Снова перекресток, я в ожидании зеленого. Из открытой двери кафе беспощадно несет кофе. Будто оно там произрастает, собирается и жарится. Неожиданный ветерок из Франции приносит двух дам. Легкий шарфик туалетной воды на шее одной из них, у другой тяжелее. Красное и белое, как два полных бокала вина на стройных стеклянных ножках, словно подснежники, они вышли к солнцу и еще не успели обрести цвет побед.

– Весна – время менять пальто, обои и вредные привычки.

– Фасад, города и мужчину?

– Он вредный, но я же люблю его. Я зайду на минутку сюда, – бросила в свежий воздух женщина в красном пальто.

– Зачем?

– Надо оплатить связь, – улыбнулась она.

– В аптеке?

– Ага. Раз в месяц, как за телефон. Таблетки надо купить противо…

Не расслышал я окончание фразы, потому что зеленый свет утащил меня совсем в другую сторону, с группой товарищей, с которой мы были объединены сейчас одним светом. Группа дружно перешла дорогу и распалась, как по команде, чтобы больше никогда не встретиться. Такие короткие стихийные союзы возникали постоянно на больших перекрестках, маленькие демонстрации со своими лидерами, что спешили во главе, и противниками, что стремительно набирали ход напротив. Обходилось без мордобоя. Со стороны это было похоже на театральную постановку перекрестного опыления, с бесконечным числом дублей с разными массовками. Каждый выучил интуитивно свою небольшую роль, в какой просвет он должен проскочить. Только двое замешкались посередине проспекта, потому что их программы, их траектории движения на какое-то время совпали, и как бы они ни пытались их поменять, они совпадали вновь. Наконец, почти столкнувшись, мужчинам удалось разойтись. Светофор в роли режиссера, сценариста и продюсера. «Стоп! Снято!» – покраснел он от возмущения.

Тем временем таблетка весеннего обезболивающего растворялась в туманной дымке. Солнце. Люди вылезали из-под снега, люди смягчались, люди доставали улыбки, по которым было видно, что они готовы снова размножаться. Инстинкты остались.

* * *

Природа, несмотря на прогнозы, выходит, долго гуляет по каменным воспоминаниям набережных, по саду домов обручившего город кольца, по улицам, спутанным, словно мысли, в клубок, по растаявшим от дождя площадям.

Он всегда держал нос по ветру и знал: единственная падаль, что прекрасна, падаль листьев.

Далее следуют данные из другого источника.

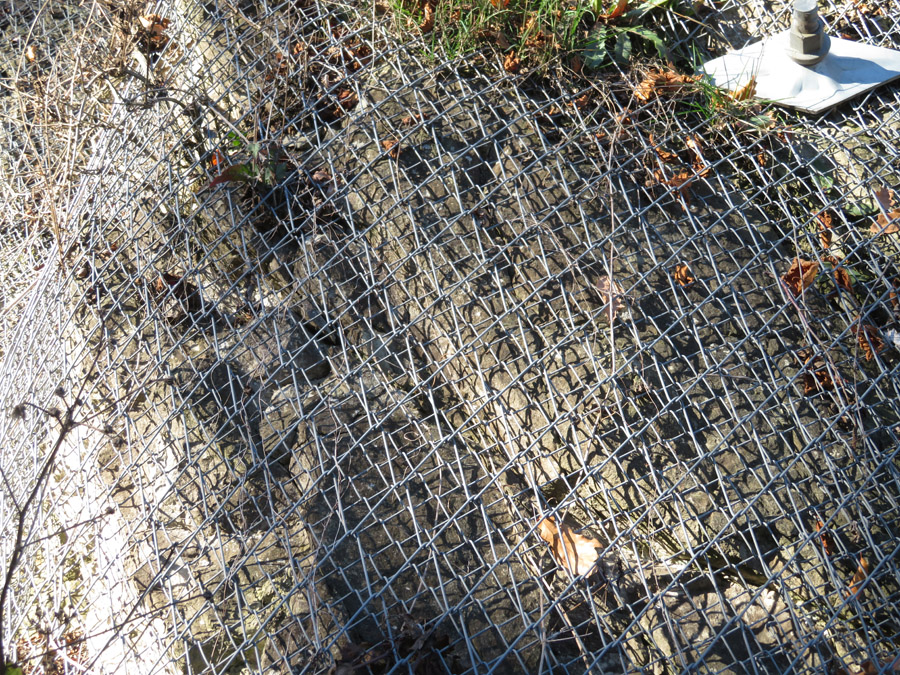 Sicherheitsgründen ist der ganze Aufschluss mit einem Maschendrahtzaun

Однако осень, несмотря на всю ее пестроту, Шарик не любил. Словно демисезонное пальто, оно висело на вешалке над городом. Наденешь его на себя, и тебе ни жарко, ни холодно, никак. Деревья сбрасывают лето, повсюду купюры скомканные сохнут и желтеют, инфляция не только в листопаде, она проникала глубже, в настроение. Сезон ливней, мокрых лап и текущего носа. Дождь, и этим все сказано, подмочена репутация города, все строят крыши над головой, оптимизм близок к нулю. Хотя одна из людских мечт сама собою сбылась: какое-то время все могут жить в отдельных домах зонтов. Так и ходят каждый в своем домике. Ходят и медитируют: «Скорее бы Новый год». Он тоже старался мыслить позитивно, разрезая своим бегом толпу, блуждая по городу, переживая осень, пес внушал себе, что это не осень, а весна. Иногда срабатывало.

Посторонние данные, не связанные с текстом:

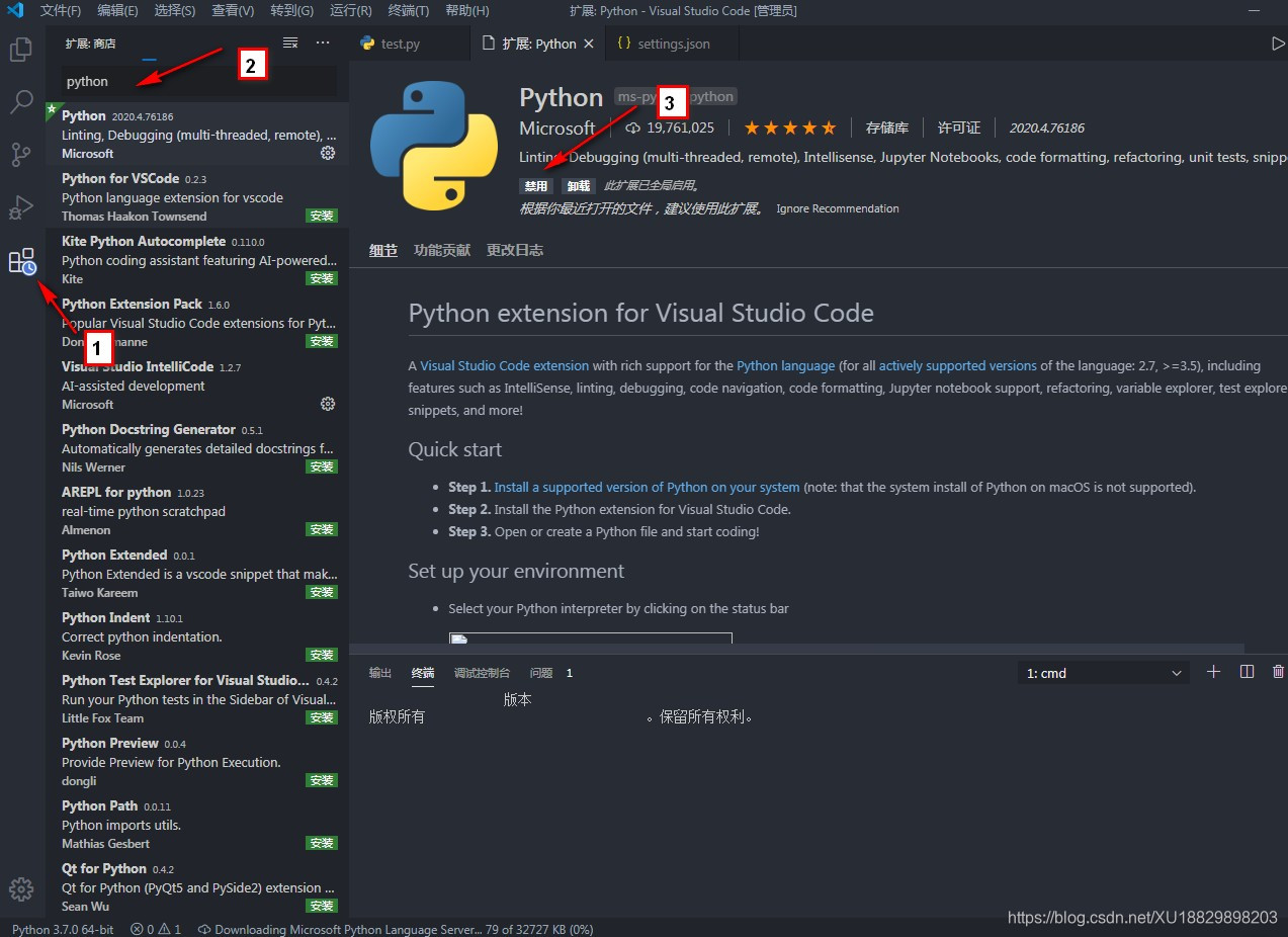 【1】在插件栏搜索【2】python 安装(安装好后如图3)

Шарик бежал по утреннему тротуару центрального проспекта, сверху серыми слезами камня свешивалась лепнина, дождь скучным многоточием выбивал в «ворде»: ты одинокий, никому не нужный женщина или мужчина, кобель или сука, сдохнешь, если выйдешь за пределы города. Ему не надо было за пределы, он вообще не знал, куда ему надо было. Обычная утренняя пробежка для поддержания формы. Текст ливня без конца бубнил о том, как загибается искусство, так как город вымок, климат мерзок, да настолько, что Шарику вдруг захотелось уехать прямо в этот самый момент. Уезжать было не на чем, поэтому он убегал. Он знал, что бежит в постоянство, в беспредметность, то и дело возвращаясь к грустному. Перед его глазами стояла написанная от его имени дождем открытка: «Лето умерло, прошу климатического убежища» с видом на Летний парк. Эту великолепную открытку ему хотелось бы отправить в Австралию, в страну вечного лета. У него была одна несбыточная мечта детства: примкнуть к стае диких собак Динго, хотя он плохо представлял, как они выглядят и сможет ли он с ними жить. Но это было не так важно по сравнению с тем, что была мечта. Иногда ему очень сильно хотелось верить, что его предки выходцы именно из этой породы диких собак, мысли и дела которых окрашены в индиго, и что именно в этом слове корень самой породы Динго. Однако открытка до сих пор не отправлена. Где же она? В его фантазии, в данный момент мокнет и разбухает, от этого не лезет в ящик. Шарику очень не хотелось хоронить это лето, которое опухло от воспоминаний и уже смердит в мозгу бездельем, безработицей, свободой и клянчит: возвращайся на родину предков, в Австралию, что ты потерял там: осень так похожа на тоску.

Он по обыкновению завтракал возле рынка, у молочных рядов, там всегда было чем поживиться. Выскребывая из стаканчика остатки ряженки, затыкая себе пасть белым хлебом, Шарик пытался думать о чем-то важном, чтобы не крикнуть: «Мне бы маленький пароходик, маленькую страну из двух жителей, где соленые волны целый день жуют сушу. Где часы заменяет любимая, круглый год без углов отвратительных, где она не пытается сделать из тебя человека. Просто любит таким, какой есть, похотливым, небритым, вонючим». Вряд ли можно придумать что-нибудь утопичней и лучше, тем более что ряженка улеглась в утробе.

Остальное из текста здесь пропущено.